Lowell Weicker, another bored millionaire, will, of course, back the Lamont candidacy: Former Republican Party Chairman Tom D'Amore, once Weicker's chief aide, is getting antsy hanging around the house, and the two haven't conspired to destroy Republican prospects since the last time -- which, come to think of it, was only a few months ago. They could have backed Schlesinger, now forced to beg for votes in Florida.
Nancy Johnson – dubbed the “Queen of Mean” by progressive detractors – is tending to housewifely chores and seemingly enjoying her forced retirement.
And someone is spreading ugly rumors that Edith Prague, a fixture in the state legislature, intends to write a bill establishing a People’s Toll Booth at the front of the Legislative Office Building, recently the scene of a Watergate style break-in. Governor Rell also is anxious to raise more revenue for the state, mostly to support failing schools that the ruling elite, with a curtsey to teacher’s unions, is determined not to shut down, to which end the governor has proposed an increase in the income tax. Both Prague and Rell, unappeasable revenue boosters, will be with us for some time – unless, though this seems unlikely, the state Republican Party begins to offer some resistance to the status quo: higher taxes, more spending and accelerated business flight.
Finally, Richard Blumenthal, the Democrat perennial favorite for governor is still, alas, the state attorney general, but two recent miss-steps – his appointment as the Connecticut chairman for Sen.
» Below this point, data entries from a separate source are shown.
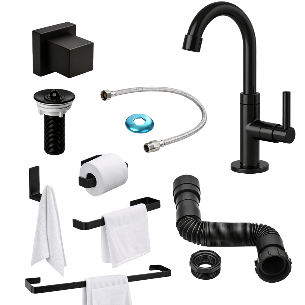 Comprar na ShopeeKit Acessórios Banheiro Preto Fosco Completo com Torneira Luxo Moderna + Sifão + Válvula + Engate Flexível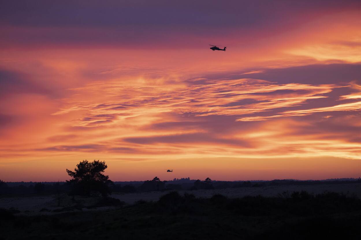 Trouwe inzender van deze rubriek Manolito Jaarsma was maandag in Nationaal Park de Hoge Veluwe, toen hij tot zijn grote verrassing twee Apaches aan het werk zag boven stuifzandlandschap ‘De Pollen’. Het zou zomaar kunnen dat de bemanningen bezig waren met een oefening TAC EW, oftewel Tactische Elektronische Oorlogsvoering. Die begon namelijk deze week.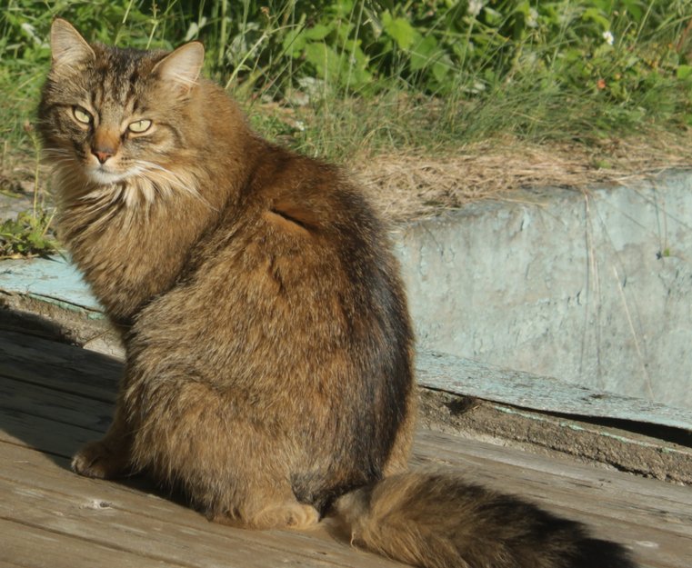 Litt svart på ryggen, og kan se ut litt som en rev i fra visse vinkler pga tjukk og spraglete pels/hale (sett bort fra lengde/størrelse). Pusen er slank, muskuløs og smidig. Veldig menneskekjær.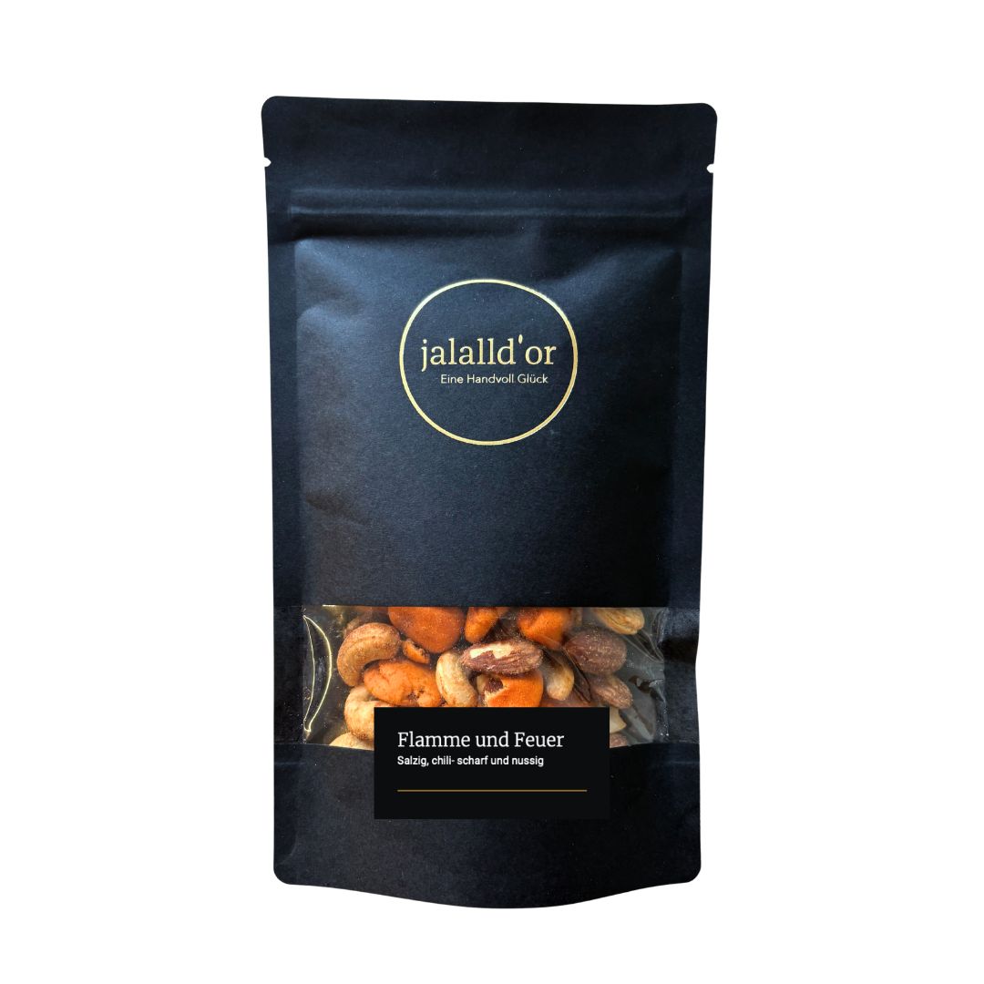 - Feuer und Flamme: scharf-salzige Nussmischung mit Wasabi-Erdnüssen, Chili-Cashewkernen und Salzmandeln

Chris Dodd’s nose-diving presidential campaign and his failure to sue Hartford Mayor Eddie Perez for something (for anything actually) – have given hope to millions that he might, with a little persuasion, agree to abandon his sinecure for either Rell’s or Dodd’s present position.
These speculations are tentative because a) only a few benighted idiots believe that Dodd was not a lying Pinocchio when the wrote the federal campaign commission that he would not run for senator ever again, b) Blumenthal 1s a great prankster, one in spirit with the two plumbers who revived hope among silver-haired news hounds that Watergate is not dead, and c) Governor Rell likely will not retire to Florida after her current terms ends, a rumor begun, some suppose, by the disgruntled Schlesinger in repayment of the governor's non-support during his late race against Lamont and Senator Joe Lieberman, who is, much to the regret of sore-loser progressives, still alive and kicking against the pricks in Washington DC.
But the final nail in the Blumenthal-for-governor campaign may be his recent attempt to reduce energy costs for consumers by encouraging Rell to enter the extremely competitive and complex energy business. The same state that finds it necessary to raise taxes to support an educational structure that cannot teach urban children to read by the fourth grade now wants to help citizens crushed by high taxes with their energy bills by becoming an energy broker.
That final step toward the Rubicon would be what real brokers call a bad investment.
Comments
The rise of the self financed candidate is a real peril. Their record is pretty poor on both sides of the aisle. Politics does take an apprenticeship and also needs some allies. All of these a real party affiliations provides.
You might try the Waterbury Republican American, if you live in their distribution area. It's Connecticut's New York Post.